Thy, son zamanların en
beğenilen ve ara ara da olsa, en çok tartışılan kurumlarından birisi. (İşten
çıkarttığı ardından geri aldığı çalışanları, bitip tükenmeyen kıyafet, içki vb. uygulamalarıyla) Ben, elbette burada Thy politikalarından söz etmeyeceğim. Ben işim
reklamları! Ve bence, Thy, güzel reklamlarıyla övgüyü hak ediyor.
Son
zamanlarda Türkiye’de bilindik markaların hepsi aralarında anlaşmış gibi
reklamlarında ünlü kullanıyor. Hatta bu kullanım o kadar yaygınlaştı ki, bazı ünlüler
(ör: Burak Özçivit) aynı anda farklı markaların reklam yüzü olarak karşımıza
çıkıyor. (Cengiz Semercioğlu bu konuda bir değerlendirme yazdı. Okumanızı
tavsiye ederim.)
Bana
göre, reklamlarda ünlü kullanımının bu kadar yaygın olmasının sebebi, dünyanın
en çok televizyon izleyen ülkelerinden biri olmamızda saklı. Televizyonu seviyoruz. Dizileri seviyoruz.

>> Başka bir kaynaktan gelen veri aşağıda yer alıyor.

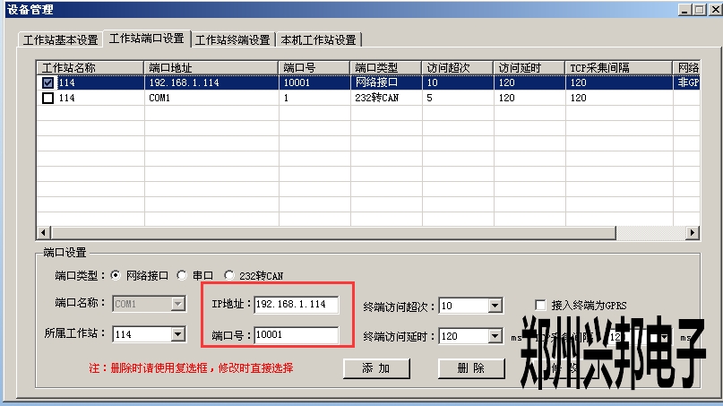 軟件中在工作站端口設置中,端口類型要選擇‘網(wǎng)絡接口’,IP地址一欄要輸入本機電腦的IP地址(不是消費機的IP地址),端口號一欄要輸入配置模塊IP時設置的遠程端口號,如下圖所示,然后點擊添加即可
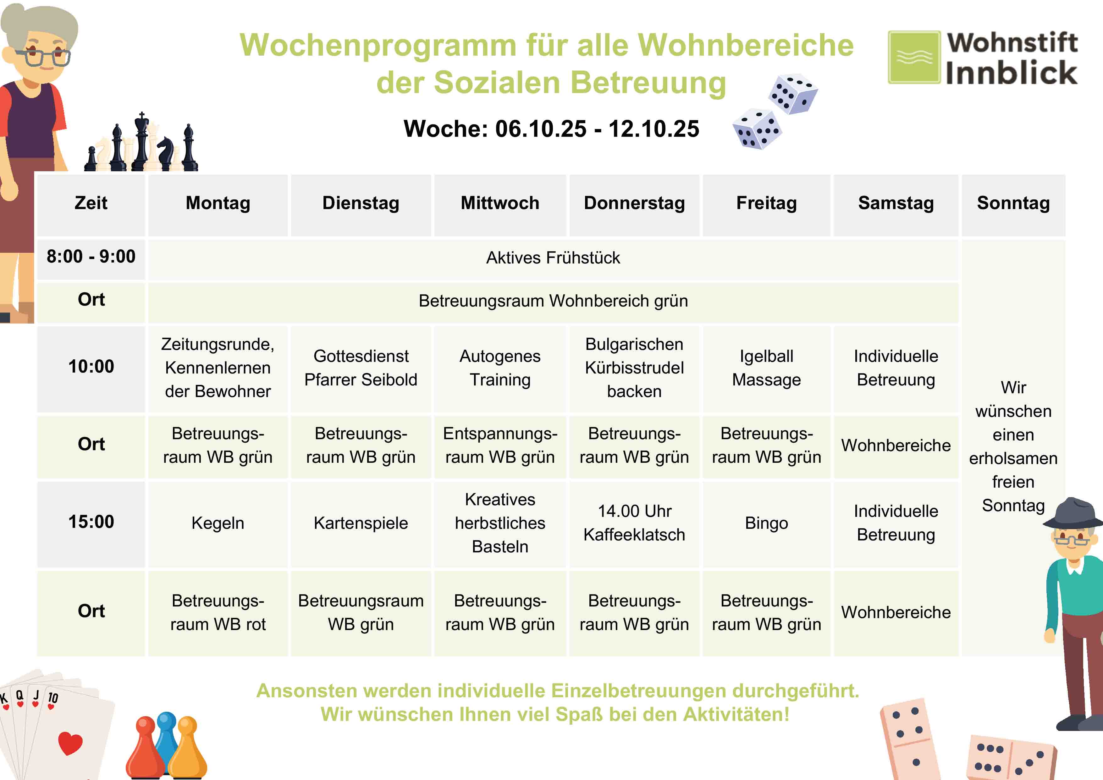 Ein gutes Wochenprogramm hilft den Bewohnern in einem Pflegeheim, sich wohlzufühlen. Es geht nicht nur um Pflege, sondern auch darum, soziale Kontakte zu pflegen, geistig fit zu bleiben und kreativ zu sein. Im Wohnstift Innblick gibt es viele Aktivitäten, die den Alltag bunter machen und die Bewohner dazu ermutigen, aktiv zu bleiben und sich als Teil einer Gemeinschaft zu fühlen.

Doğal olarak ünlüleri de seviyoruz.
Böylelikle ünlüler, ajanslar
için, fikirlerini müşteriye satmada elle tutulur dayanak oluyor;
Çünkü ajansın bulduğu fikri toplumun sevip sevmeyeceği meçhul; ama ünlüleri
sevdiği kesin.
Ben
kişisel olarak, hedef kitleye uygun olduğu sürece ünlü kullanımında hiçbir
sakınca görmüyorum. Güzel ve etkili hikayelerle birleşince, sonuç başarılı oluyor.

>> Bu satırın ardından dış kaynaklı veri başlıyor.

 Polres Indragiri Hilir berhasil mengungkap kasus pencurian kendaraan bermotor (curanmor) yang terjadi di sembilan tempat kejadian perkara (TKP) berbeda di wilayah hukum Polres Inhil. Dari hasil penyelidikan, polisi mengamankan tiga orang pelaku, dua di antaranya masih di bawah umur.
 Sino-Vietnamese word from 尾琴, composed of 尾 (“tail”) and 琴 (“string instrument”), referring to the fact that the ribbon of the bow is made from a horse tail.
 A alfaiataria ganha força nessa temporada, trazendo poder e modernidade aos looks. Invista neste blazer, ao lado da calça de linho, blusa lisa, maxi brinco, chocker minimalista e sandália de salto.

Ünlü, ajansı tembelleştiriyor!
Ancak
ne yazık ki ülkemizde yukardaki paragrafın son cümlesini son günlerde fazla
göremiyoruz. Ünlü kullanımı sanırım ajansları tembelleştiriyor ve senaryolara
gereken özeni göstermiyorlar. Bunun sonucunda ortaya; ünlüsü olan sıradan
reklam filmleri çıkıyor.
Thy bu işi biliyor
Thy’nin
Kobe Bryant ve Lionel Messi’li reklamı ise bu işin - yani ünlü kullanımı+güzel
hikayenin - son zamanlarda gördüğüm nadir iyi örneklerinden.
Dünyayı
kendine pazar olarak gören Thy’nin, iki dünya starını reklamında oynatması,
gücünü ve kararlığını ortaya koyuyor.
‘Alanlarının
en iyisi olan bu ikili, kendi alanında en iyi olanı seçiyor, onunla uçuyor’ algısı
serinin ilk filmlerinin ana konusuydu ve çok başarılıydı.
Şimdi
ise “Dünya Daha Büyük. Keşfet” sloganı
işlenmiş... Evet dünya çok büyük; ama Türk Hava Yolları ile keşfetmesi çok
kolay ve konforlu. Tek zorlanacağın konu nereyi keşfedeceğini seçmen olacak. Bunu da sempatik ikilimiz gayet
başarılı anlatıyor. Filmin diyalogsuz olması çok yerinde bir seçim. Zaten su
gibi akan senaryo, diyaloğa ihtiyaç bırakmıyor. Basit, sade, anlaşılır ve
evrensel. Kobe’nin fotoğrafın kadrajına girdiği andaki gibi ayrıntılar tam
kararında.
Thy
bu filmle zor olanı başarmış. Reklam kokmayan reklam yapmış.
Kobe daha oyuncu
Son
olarak söyleyeceğim, Bryant’ın kamera karşısında, Messi’den daha rahat olduğu
ve mimiklerini daha güzel kullandığı!